First, I am taking a Dressmaking and Design course through Penn Foster. While I would prefer a local, hands on classroom approach, it is hard to do so with baby and while working full time. This was the best choice for me right now. I will always consider more education in the future, especially workshops or other hands on sewing experience. This course is actually serving me quite well. I have learned a considerable amount in the first two thirds of lessons that I have completed. There are also activities that get me in front of a sewing machine, with the next assignment to include pattern adjustment of a princess seam sheath dress which I plan to make out of leather (or faux leather at the very least).

Second, I have had the wonderful opportunity to do some alterations. While I have done alterations sporadically in the past, I am glad to be able to use my skills to benefit others. Thank you dear alterations clients!

Third, I have taken the plunge and purchased a very entry level embroidery machine. Embroidery machines can cost thousands. I did not spend nearly that much, so I’m hoping the little guy I got will serve me well. My husband was adorable because he asked if it was something we could use for awhile. Well, it has a 20 year warranty, so… yeah? It uses the PES format of embroidery designs, and it has a USB connection so I can shop to my heart’s delight then transfer designs right over to the machine from my computer. Gotta love technology!

On a final note, I enjoyed Madonna’s multiple costume changes because she is keeping fashion designers and seamstresses busy!

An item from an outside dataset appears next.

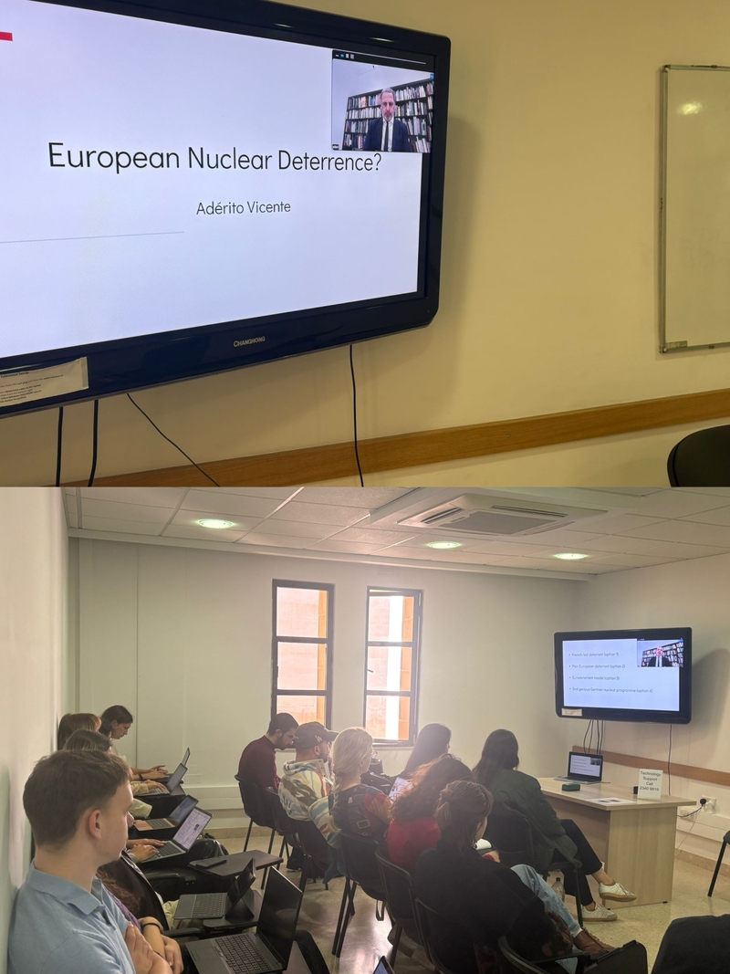 A aula teve como base a sua investigação sobre a necessidade de a Europa desenvolver capacidades próprias de dissuasão nuclear, de forma a reduzir a dependência estratégica em relação aos Estados Unidos, num contexto internacional marcado pelo crescente desafio colocado pelas potências russas e chinesas.

“I’m a material girl… want to see my fabric collection?”  ~Author Unknown

Alternative Zipper Stops

While moving the hem up on a pair of pants, I encountered a challenge. These track pants have a side zipper at the bottom. I could (and probably should) move the entire zipper up the seam, or I can cut off the zipper at the new hem edge. I did not want to have to reset the entire zipper, so I chose to cut it off. However, that meant I was without a zipper bottom stop. I attempted to salvage the existing zipper stops, but the metal became weak and broke. I didn’t have a ready supply of replacement zipper stops, so I began to look for something else to use. I found these in my jewelry supply stash: crimp bead covers. These easily fit over the zipper teeth and I simply clamped them around and flat against the zipper teeth with my flat nosed pliers. In my opinion, I think it looks much cleaner than standard replacement zipper stops!